Vincent Savard has an answer that’s almost twice as fast as the first solution offered here.

Here’s my take on it. It requires tuples instead of lists for hashability:

def method2(size):
    ret = set()
    while len(ret) < size:
        ret.add((random.randint(0, 99), random.randint(0, 99)))
    return ret

Just make sure that the limit is sane as other answerers have pointed out. For sane input, this is better algorithmically O(n) as opposed to O(n^2) because of the set instead of list. Also, python is much more efficient about loading locals than globals so always put this stuff in a function.

EDIT: Actually, I’m not sure that they’re O(n) and O(n^2) respectively because of the probabilistic component but the estimations are correct if n is taken as the number of unique elements that they see. They’ll both be slower as they approach the total number of available spaces. If you want an amount of points which approaches the total number available, then you might be better off using:

import random
import itertools

def method2(size, min_, max_):
    range_ = range(min_, max_)
    points = itertools.product(range_, range_)
    return random.sample(list(points), size)

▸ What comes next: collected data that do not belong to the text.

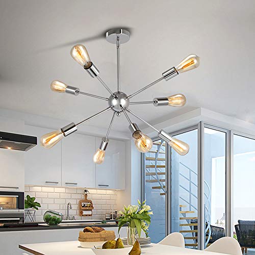 ENCOFT Sputnik Lampadario Moderno Lusso Lampada a Sospensione 8 Luci Base E27 Soggiorno Camera da Letto, Cromo Senza Lampadina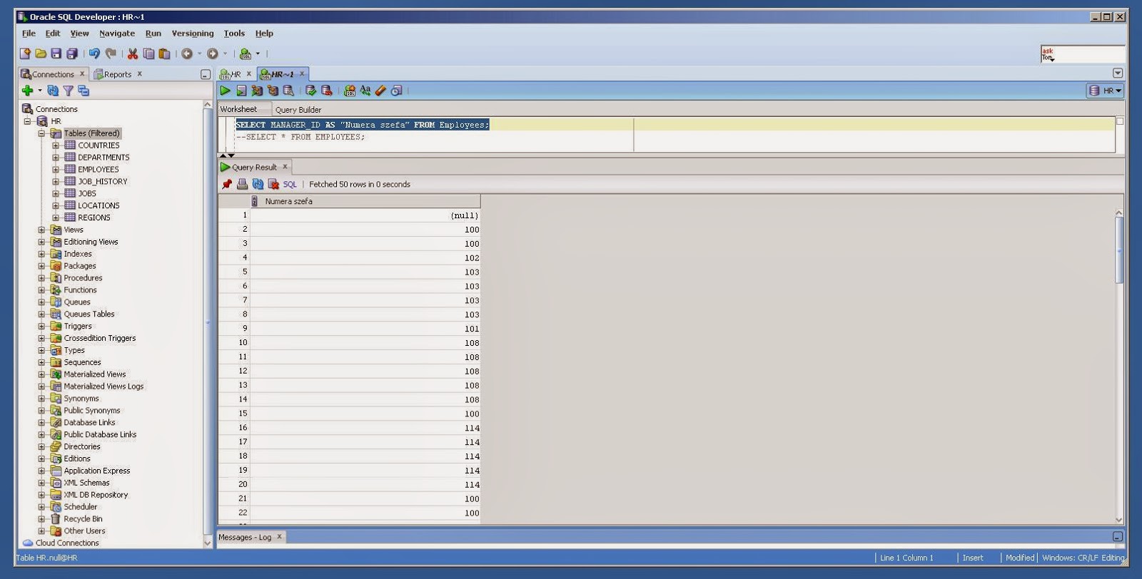 SELECT MANAGER_ID AS „Numer szefa” FROM Employees;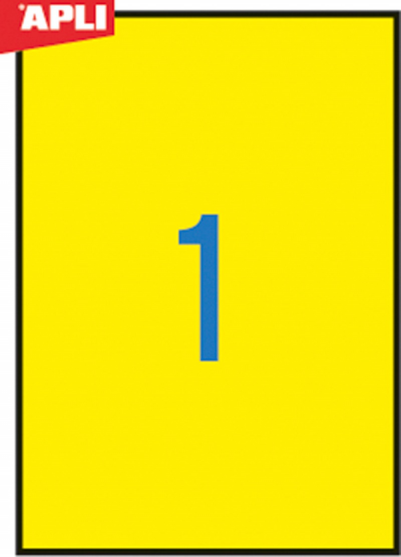 Etykiety kolorowe APLI, 210x297mm, prostokątne, żółte, 20 ark.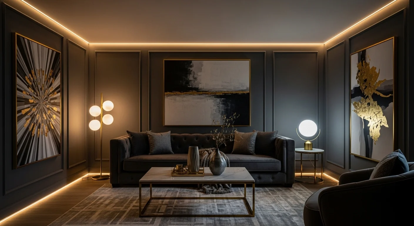 Dark gray tones instantly add drama and sophistication to a living room. When paired with warm lighting, velvet textures, or metallic accents, the space feels luxurious rather than heavy. This design is perfect for creating a cozy evening atmosphere while maintaining a high-end modern look. Layered lighting prevents the room from feeling too dark.

This will be a memory hog but is sure to be faster as the density of points increases because it avoids looking at the same point more than once. Another option worth profiling (probably better than last one) would be

def method3(size, min_, max_):
    range_ = range(min_, max_)
    points = list(itertools.product(range_, range_))

    N = (max_ - min_)**2
    L =  N - size
    i = 1
    while i <= L:
        del points[random.randint(0, N - i)]
        i += 1
    return points